Model organisms provide an alternative and complementary approach to the identification of new metabolic pathways. The sophisticated genetic technology with which we study Drosophila has provided us with an extraordinary opportunity for analyzing the functions of all fly genes. For example, isolating mutations in fly orthologs of human genes has revealed new tyrosine kinase pathways in Drosophila. An oncogenic form of the signaling molecule Ras gives rise to profound developmental abnormalities in the fly eye. By crossing flies that display these abnormalities with heavily mutagenized flies, one can screen for mutations in other genes that modify (either enhance or suppress) the severity of the eye phenotype. This type of “modifier screen” has led to a nearly complete dissection of signaling pathways downstream of Ras, pathways that are conserved in human cells (12). Recently, similar strategies have been applied to the study of the fly insulin-signaling pathway (13). Drosophila and other experimental species will be valuable for identifying genes involved in new biochemical pathways, including those implicated in human disease.

Phenotypic Variations in Simplex Diseases

There are major problems associated with dissecting the molecular basis of even simple monogenic diseases caused by mutations in a single gene. Principal among these are the modifying effects of other genes.

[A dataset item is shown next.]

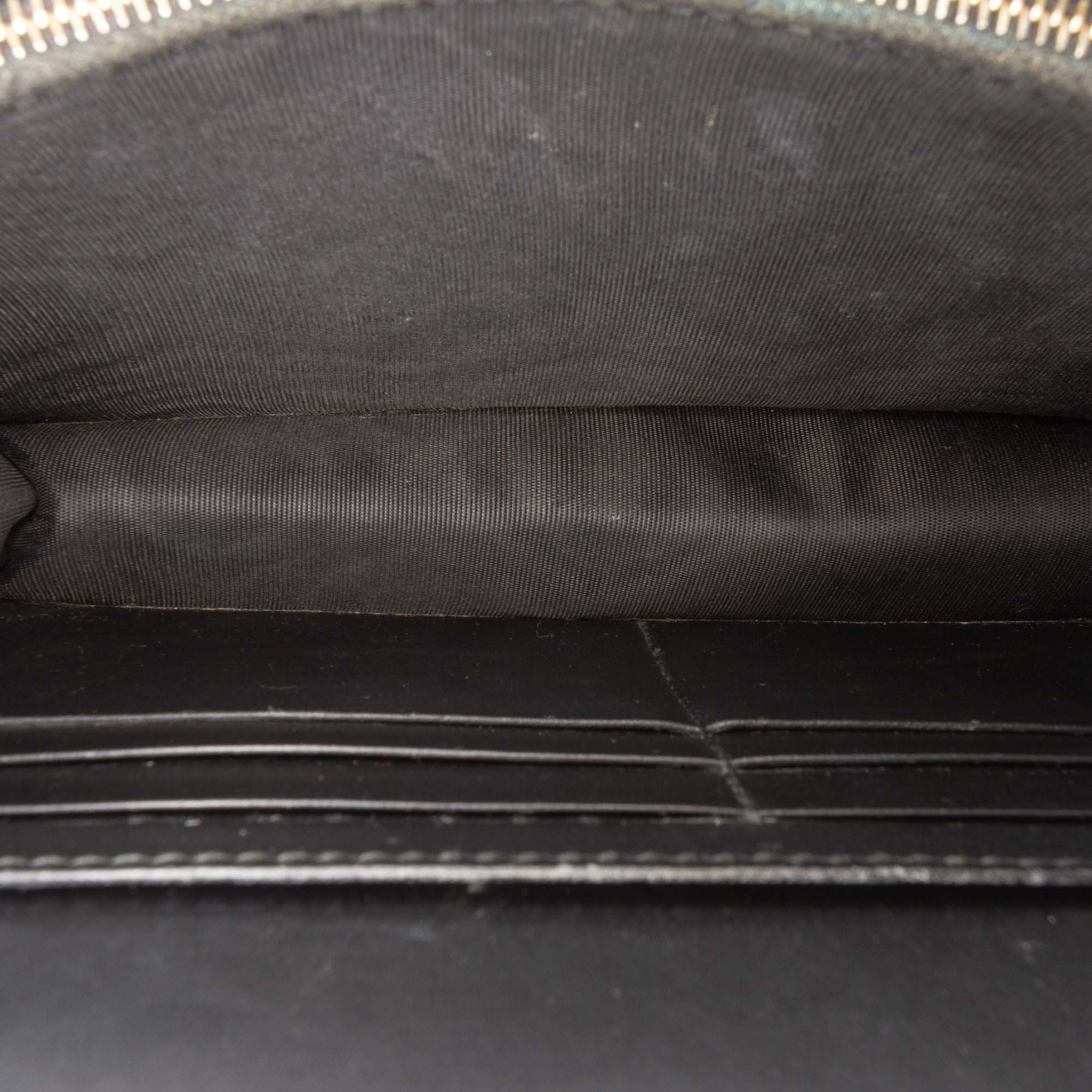 This wallet on chain features an embossed leather body, a curb chain shoulder strap, a flap with magnetic snap closure, and interior zip and slip pockets. Retail Price: 895.00

No gene operates in a vacuum; rather, each gene busily interacts either directly or through its protein product with many other genes and gene products. This results in marked variations in the symptoms of patients with the same disease. Of the 1500 or so monogenic diseases for which the mutated gene has been identified, there are only a few where the effects of other genes on disease pathogenesis have been studied. Existing information about monogenic diseases, such as cystic fibrosis and Hirschsprung disease, demonstrates that certain modifier genes cause variations in the clinical phenotype of these disorders [for a review, see (14)]. It is probable that many diseases that are considered monogenic will turn out to be “complex” disorders. Such complexity may be attributable to the typically unpredictable effects of gene mutations on the encoded protein and on the metabolic pathway in which the protein acts (15). As exemplified by Marfan syndrome, there could be an expression threshold below which the mutant protein does not cause a disease phenotype (16). In the hemoglobinopathies, for example, modifier genes play an important part in the appearance of clinical symptoms (17). Finally, the recognition that metabolic pathways are only rarely controlled by single rate-limiting steps greatly complicates the prediction of which symptoms a patient will develop based on the gene that is mutated (18, 19). These possibilities all require further analysis in human patients as well as in model organisms before we can understand why the severity of monogenic diseases varies not only with different mutations in the same gene, but also among affected individuals within the same family.

The Genetic Background of Complex Disorders

If there is a challenge to identifying the genes involved in so-called monogenic diseases, clearly this challenge will be far greater for oligo- and polygenic disorders, which have multiple causes. Many of the diagnostic features of these complex diseases—called quantitative trait locus (QTL) disorders—are probably regulated by at least several genes (see the figure below).

Inheritance of monogenic and complex (multifactorial) disorders.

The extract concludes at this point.